Kryzys nie dał się we znaki drogowcom w Zamościu. To, co zaplanowano do wykonania, już jest albo będzie w najbliższym czasie zrealizowane. Największe utrudnienia są na Młyńskiej, ale robotników można spotkać także na Botanicznej, Głogowej, Lubelskiej i Chabrowej.
- Nie jest idealnie, ale znacznie lepiej niż było. Grunt, że teraz można spokojnie wyjechać, nie obawiając się o zawieszenia samochodu - mówi mieszkający na tym osiedlu Tadeusz Koper.
Pozostałe zaplanowane na ten rok prace pochłoną znacznie więcej. Tylko przebudowa drogi przy ul. Młyńskiej to wydatek ok. 2,5 mln zł. Prace trwają tam jakiś czas, ale zakończą się dopiero pod koniec lipca.
- Bo powstaje nowa nawierzchnia, chodniki, oświetlenie i ścieżka rowerowa, a także kładzione są rury teleinformacyjne, które w przyszłości pozwolą mieszkańcom korzystać z Internetu - wylicza Anna Muszyńska, dyrektor Zarządu Dróg Grodzkich.
W tej części miasta utrudnienia związane z robotami drogowymi są najpoważniejsze. - Czasowo ruch odbywa się tylko jedną stroną drogi, czasem wahadłowo - tłumaczy Muszyńska.
W innych miejscach drogowcy mniej komplikują życie kierowcom. Ale dobrze jest pamiętać, gdzie można się na nich natknąć. Budują w tej chwili drogę na ulicy Botanicznej (na odcinku od Powiatowej do Wiosennej), przy Kochanowskiego (od mostu przy Źródlanej w kierunku bloków TBS) kładą chodnik, na Głogowej (od strony ul. Legionów do Słonecznikowej) powstaje nowa droga z odwodnieniem, zaś na Chabrowej kanalizacja.

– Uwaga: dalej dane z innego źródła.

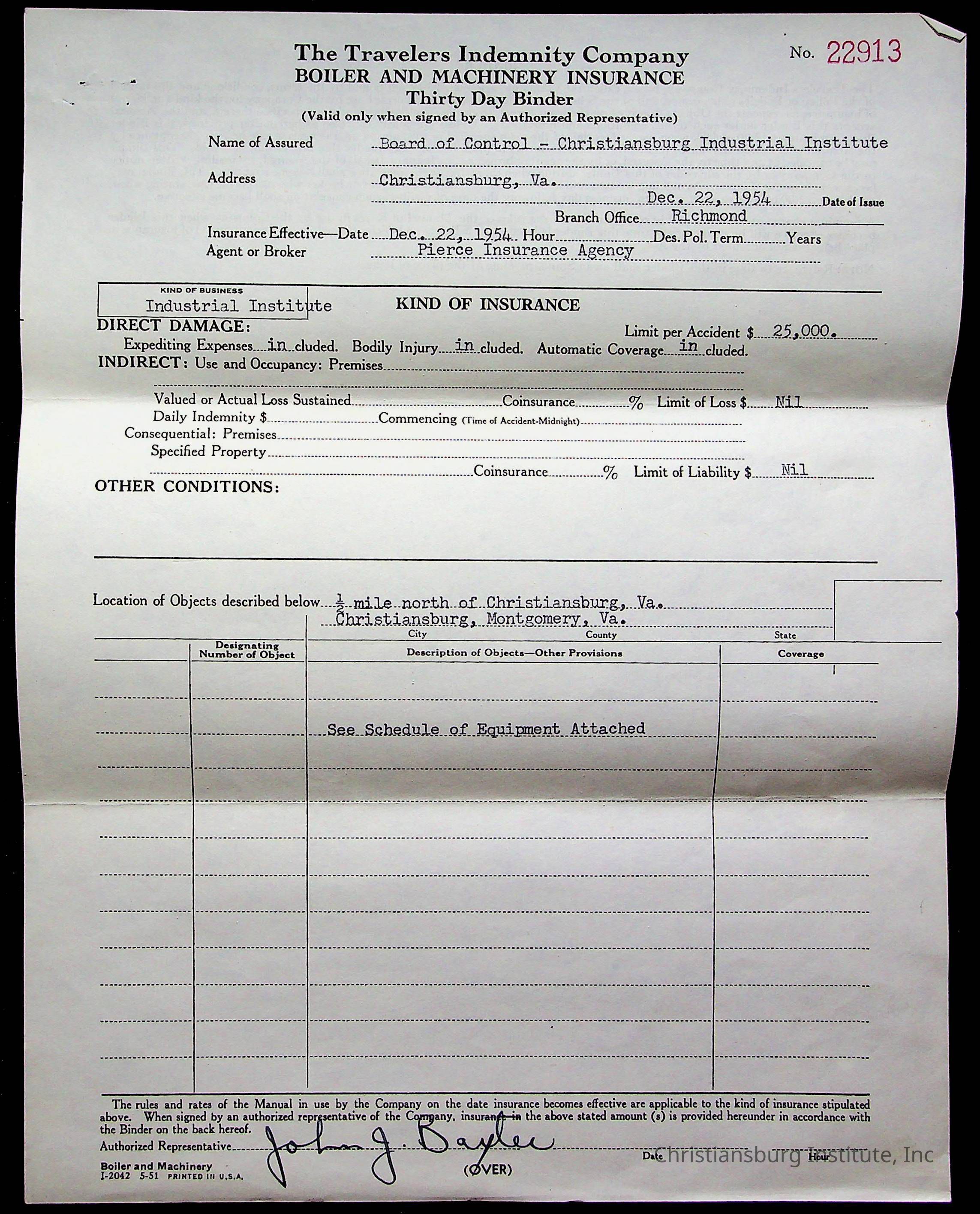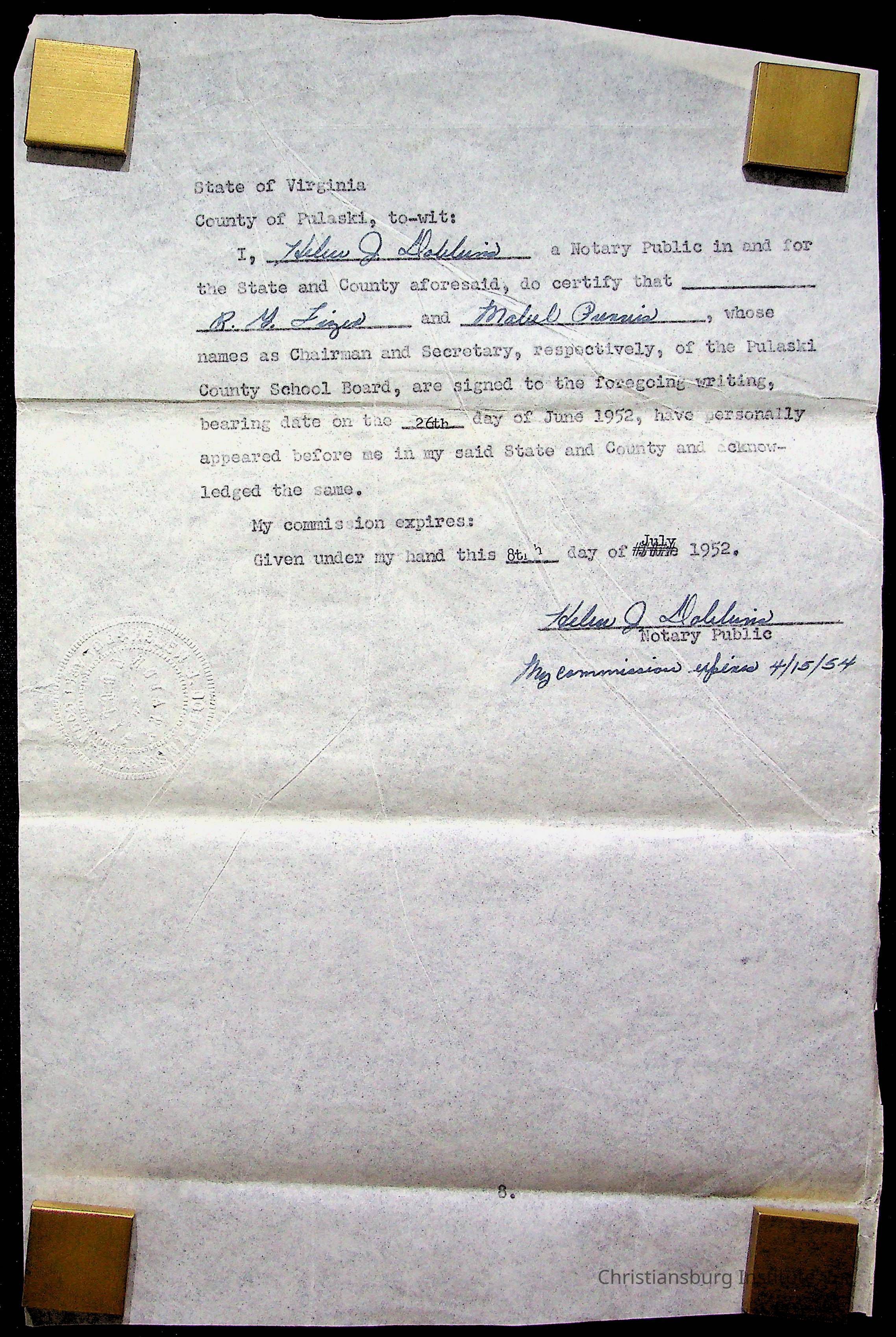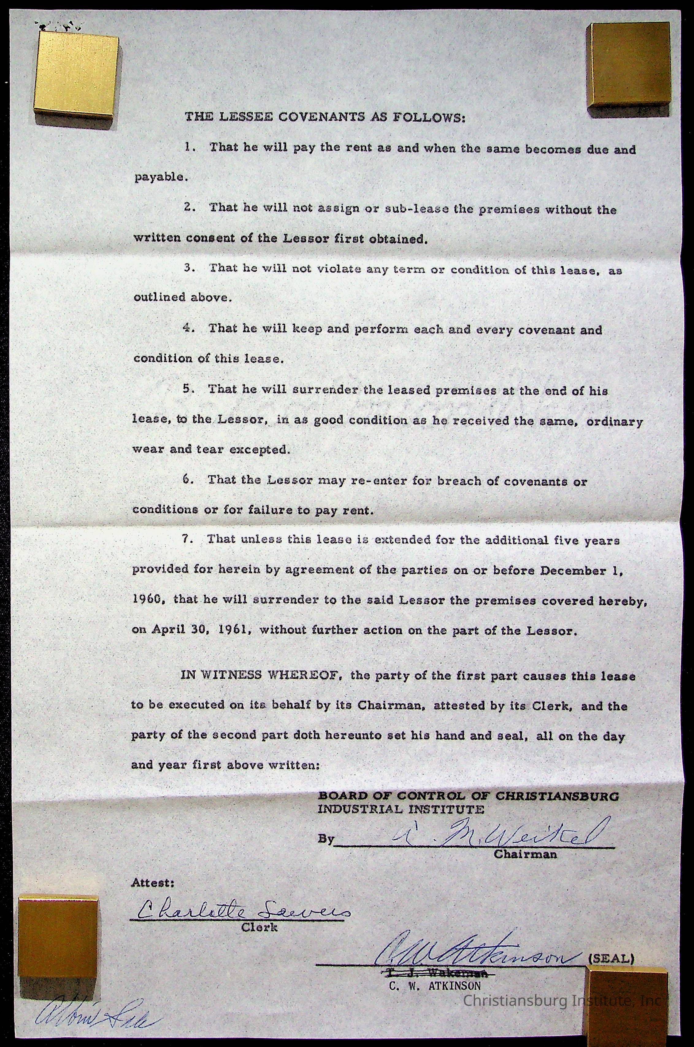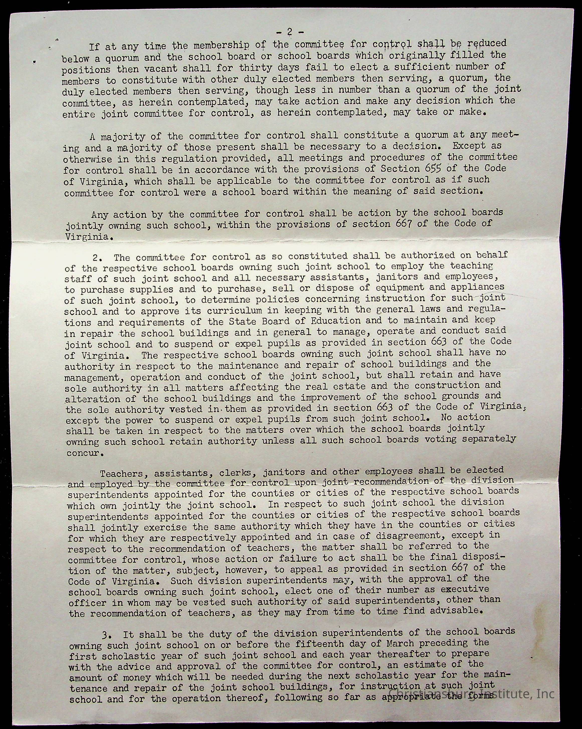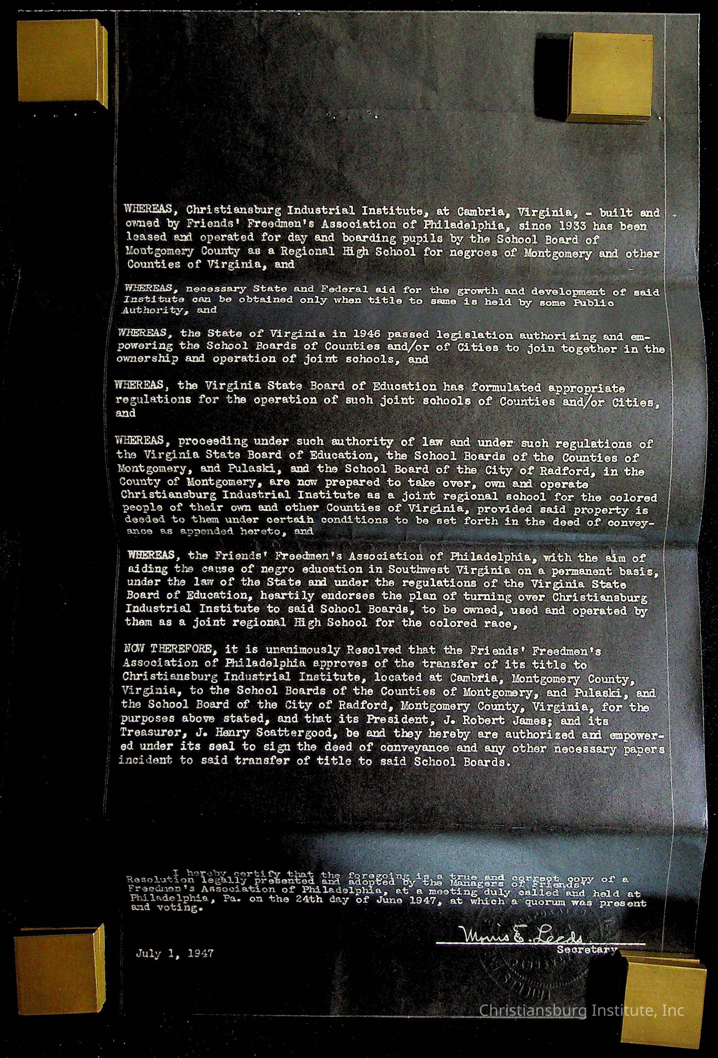 An archive of materials relating to the Christiansburg Institute including copies of deeds, correspondence, insurance paperwork, and other materials, circa 1940s-1960s.Collection
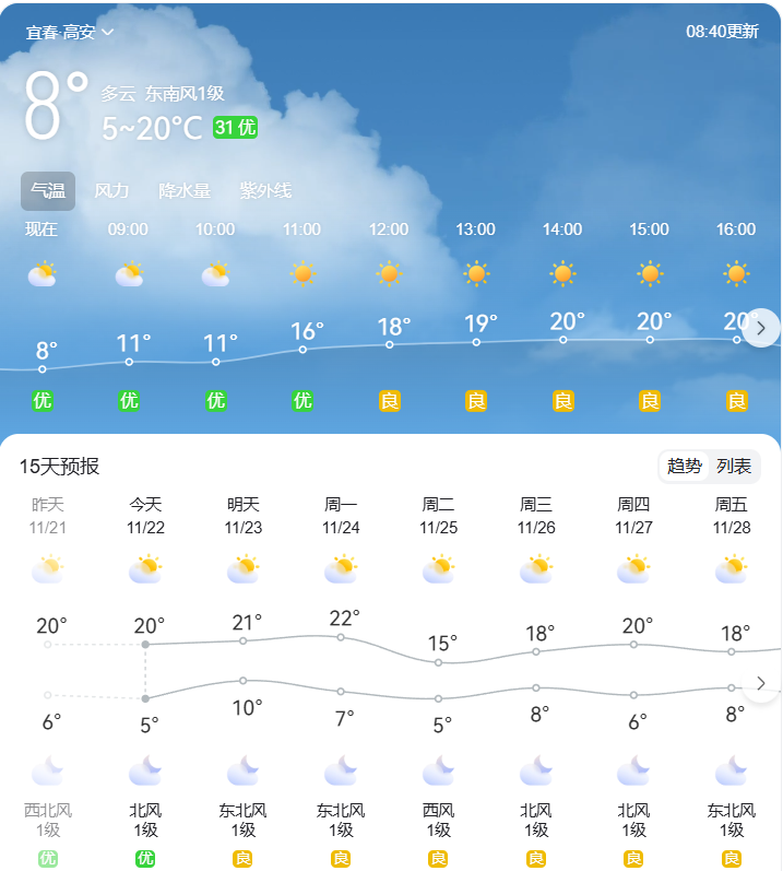 小雪将至,高安接下来的天气如何?一起来看看。
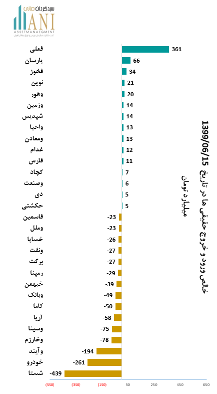 در پایان روز معاملاتی 99/06/15 شرکت های،ملي صنايع مس ايران و گسترش نفت و گاز پارسيان به ترتیب با 361 و 66 میلیارد تومان بیشترین ورود پول توسط حقیقی ها را داشته اند.
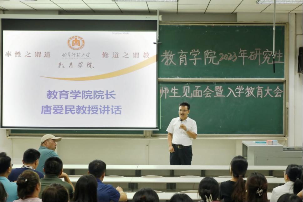 的发展历程,并就学院学科建设、办学成果等方面作了详细介绍,向同学们展示了学院雄厚的科研实力和优秀的师资队伍。唐院长以“四个学会”勉励同学们认真对待学术研究,希望同学们学会阅读、学会写作、学会交流、学会坚持,追求卓越,不懈进取,书写学术风采。
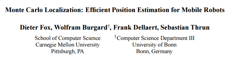 论文标题:蒙特卡洛定位:移动机器人的有效位置估计(Monte Carlo Localization: Efficient Position Estimation for Mobile Robots)

Jak długo drogowcy będą tam pracować? Jeśli pogoda nie spłata im figla, to powinni się ze swoich zadań wywiązać do końca tego miesiąca. Później przeniosą się na ulicę Lubelską. Przedwczoraj otwarto oferty zgłoszone do przetargu na jej przebudowę (na odcinku od granic miasta przy ul. Granicznej do Wojska Polskiego).
- Myślę, że prace powinny ruszyć najpóźniej na początku sierpnia. Potrwają około 2 miesięcy - zapowiada Muszyńska.
I na tym drogowe prace w tym roku w Zamościu się zakończą. - Realizujemy zadania zgodnie z przyjętym w zeszłym roku programem. Na nic więcej pieniędzy nie ma - uprzedza Anna Muszyńska.
Pracowali i skończyli
W tym roku drogowcy zrobili już, co mieli do zrobienia przy ul. Górnej, Fornalskiej, Osiedlowej i Jordana.